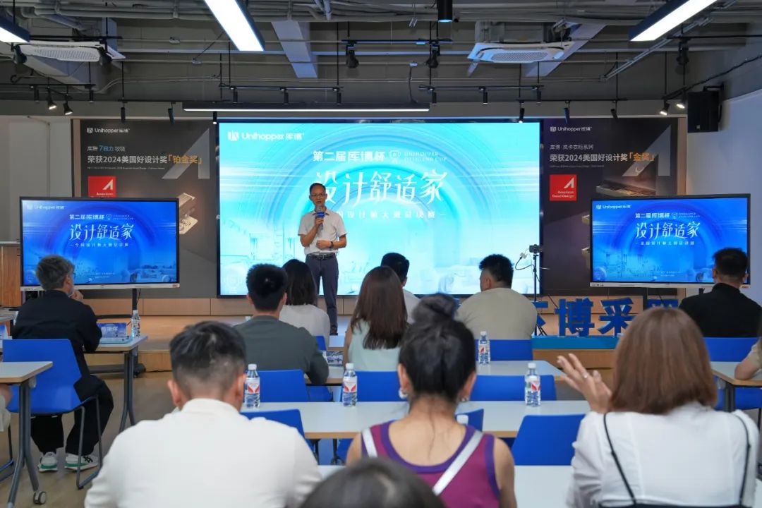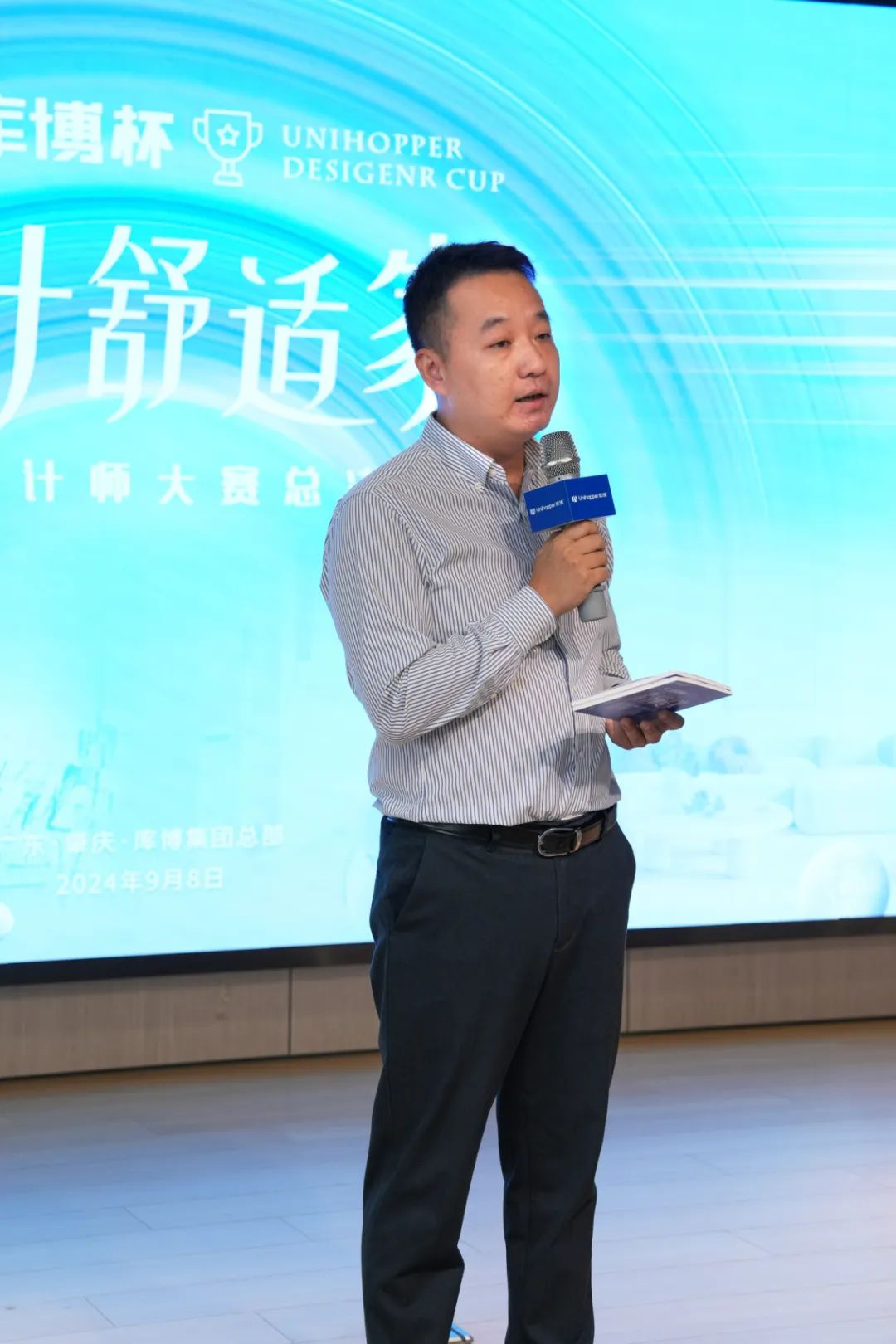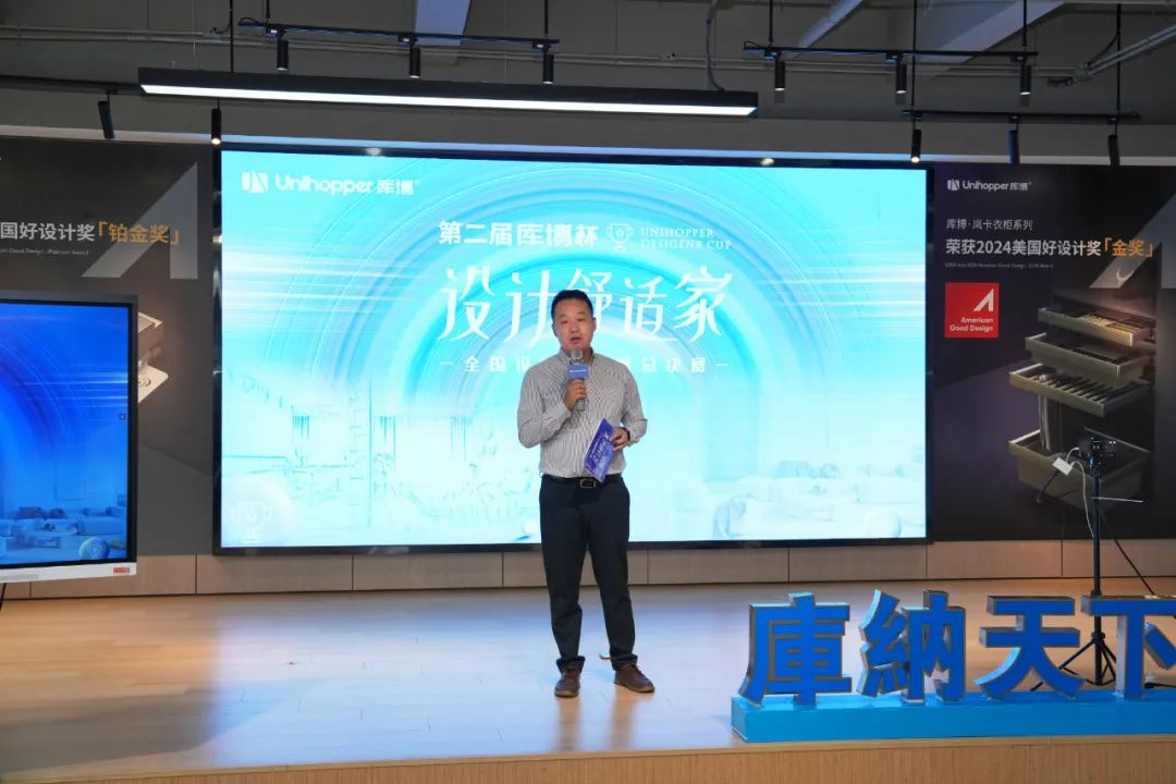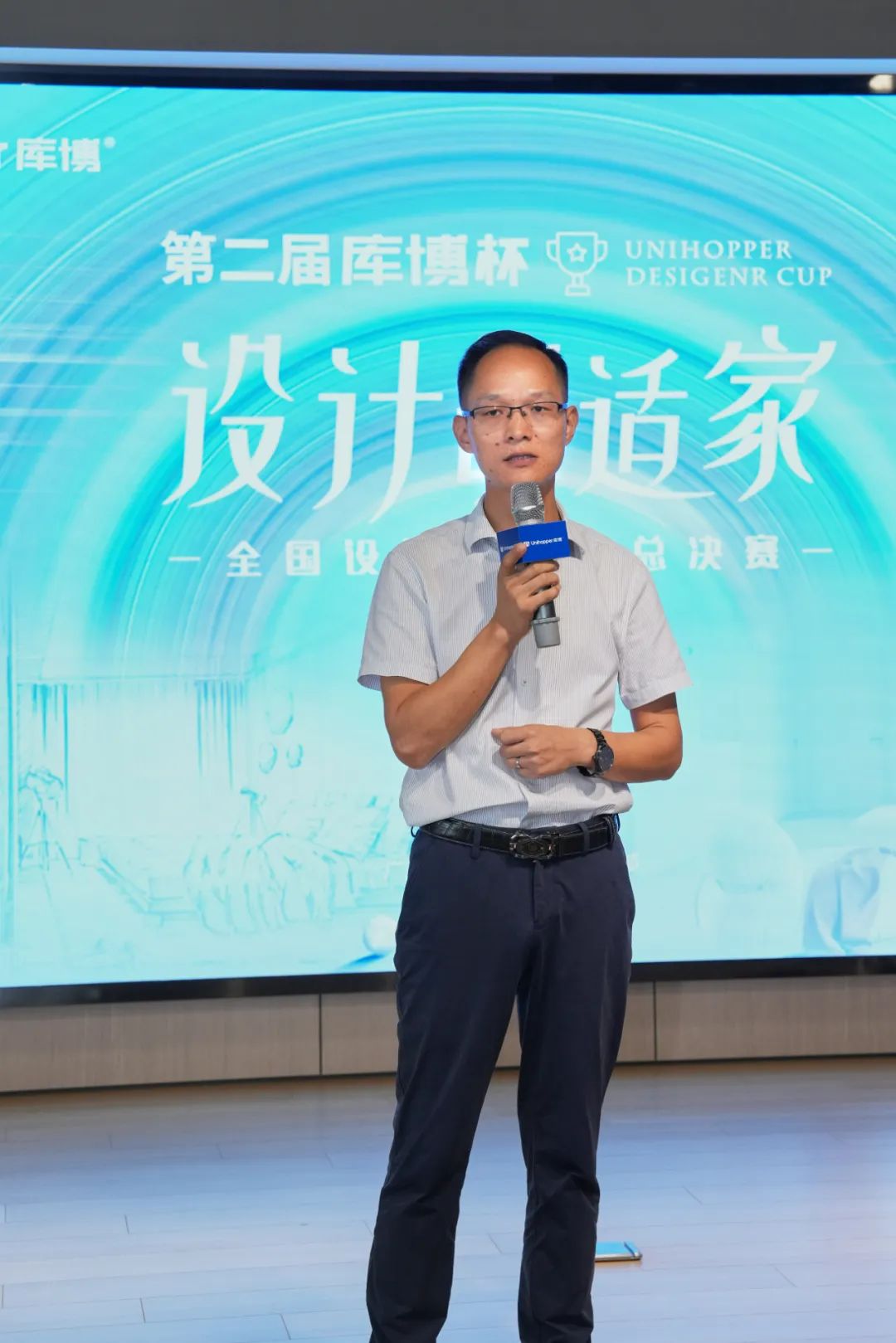 决赛伊始,Unihopper库博集团营销总经理胡海军先生在致辞中表示,第二届“库博杯”全国设计师大赛自启动以来,获得了全国各地设计师们的积极响应和踊跃投稿,共收到了千余份设计佳作,总参赛人数比去年增长了50%。从区域赛到全国总决赛,不同背景和风格的设计师在相互交流中碰撞出新的灵感火花,共同推动设计行业的繁荣与进步。
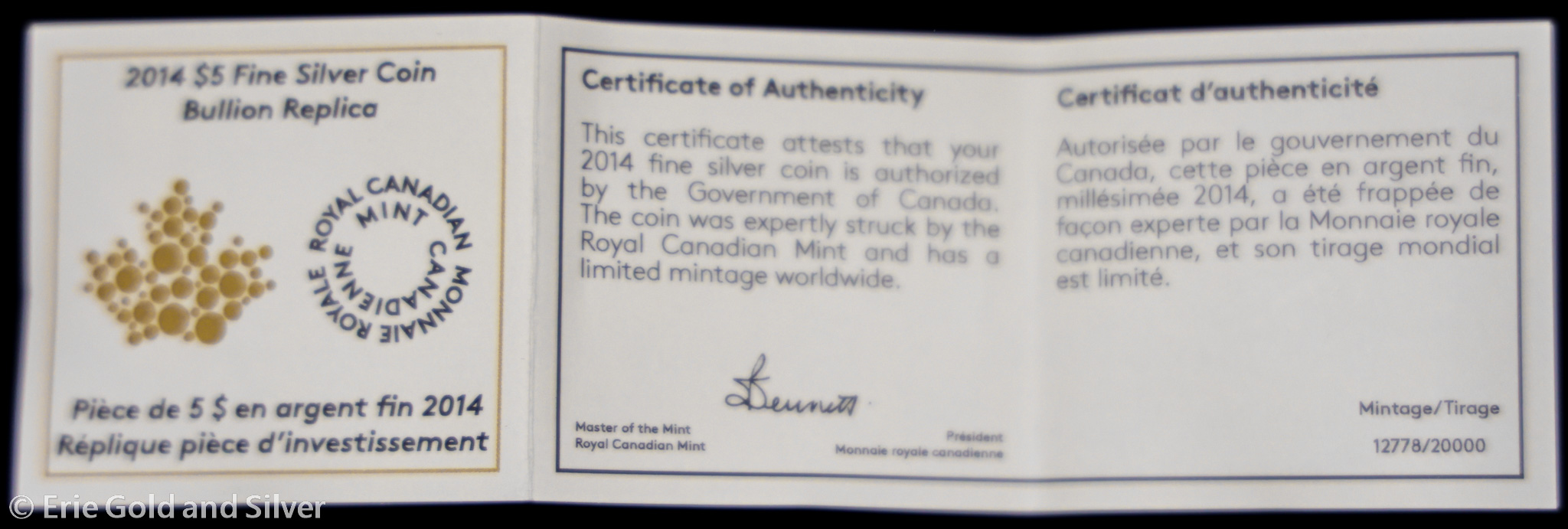 For sale is a 2014 $5 Canada 1 oz Silver Proof Maple Leaf in OGP.
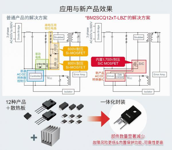 本產(chǎn)品采用一體化封裝,相比采用Si-MOSFET的普通分立結(jié)構(gòu),部件數(shù)量顯著減少,1個封裝內(nèi)包含多達(dá)12種產(chǎn)品(AC/DC轉(zhuǎn)換器控制IC、800V耐壓Si-MOSFET×2、齊納二極管×3、電阻器×6)和散熱板。另外,由于SiC MOSFET具有高耐壓、抗干擾性能優(yōu)異的特點,還可實現(xiàn)降噪部件的小型化。
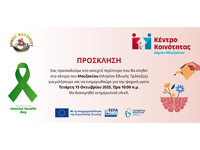 Το Κέντρο Κοινότητας Δήμου Μουζακίου και η αρμόδια Αντιδήμαρχος Κοινωνικής Πολιτικής και Εθελοντισμού κ.Μαριάννα Ζιάκα, σας προσκαλούν την Τρίτη 15 Οκτωβρίου στο περίπτερο που θα στηθεί στο κέντρο του Μουζακίου, πλησίον της Εθνικής Τράπεζας, για μια ανοιχτή συζήτηση και ενημέρωση σχετικά με την ψυχική υγεία.

▶ [Description of the task]: Word-for-word transcription: the whole listing, with images excluded.

▶ [Exercise solution]:
 决赛伊始,Unihopper库博集团营销总经理胡海军先生在致辞中表示,第二届“库博杯”全国设计师大赛自启动以来,获得了全国各地设计师们的积极响应和踊跃投稿,共收到了千余份设计佳作,总参赛人数比去年增长了50%。从区域赛到全国总决赛,不同背景和风格的设计师在相互交流中碰撞出新的灵感火花,共同推动设计行业的繁荣与进步。
 For sale is a 2014 $5 Canada 1 oz Silver Proof Maple Leaf in OGP.
 本產(chǎn)品采用一體化封裝,相比采用Si-MOSFET的普通分立結(jié)構(gòu),部件數(shù)量顯著減少,1個封裝內(nèi)包含多達(dá)12種產(chǎn)品(AC/DC轉(zhuǎn)換器控制IC、800V耐壓Si-MOSFET×2、齊納二極管×3、電阻器×6)和散熱板。另外,由于SiC MOSFET具有高耐壓、抗干擾性能優(yōu)異的特點,還可實現(xiàn)降噪部件的小型化。
 Το Κέντρο Κοινότητας Δήμου Μουζακίου και η αρμόδια Αντιδήμαρχος Κοινωνικής Πολιτικής και Εθελοντισμού κ.Μαριάννα Ζιάκα, σας προσκαλούν την Τρίτη 15 Οκτωβρίου στο περίπτερο που θα στηθεί στο κέντρο του Μουζακίου, πλησίον της Εθνικής Τράπεζας, για μια ανοιχτή συζήτηση και ενημέρωση σχετικά με την ψυχική υγεία.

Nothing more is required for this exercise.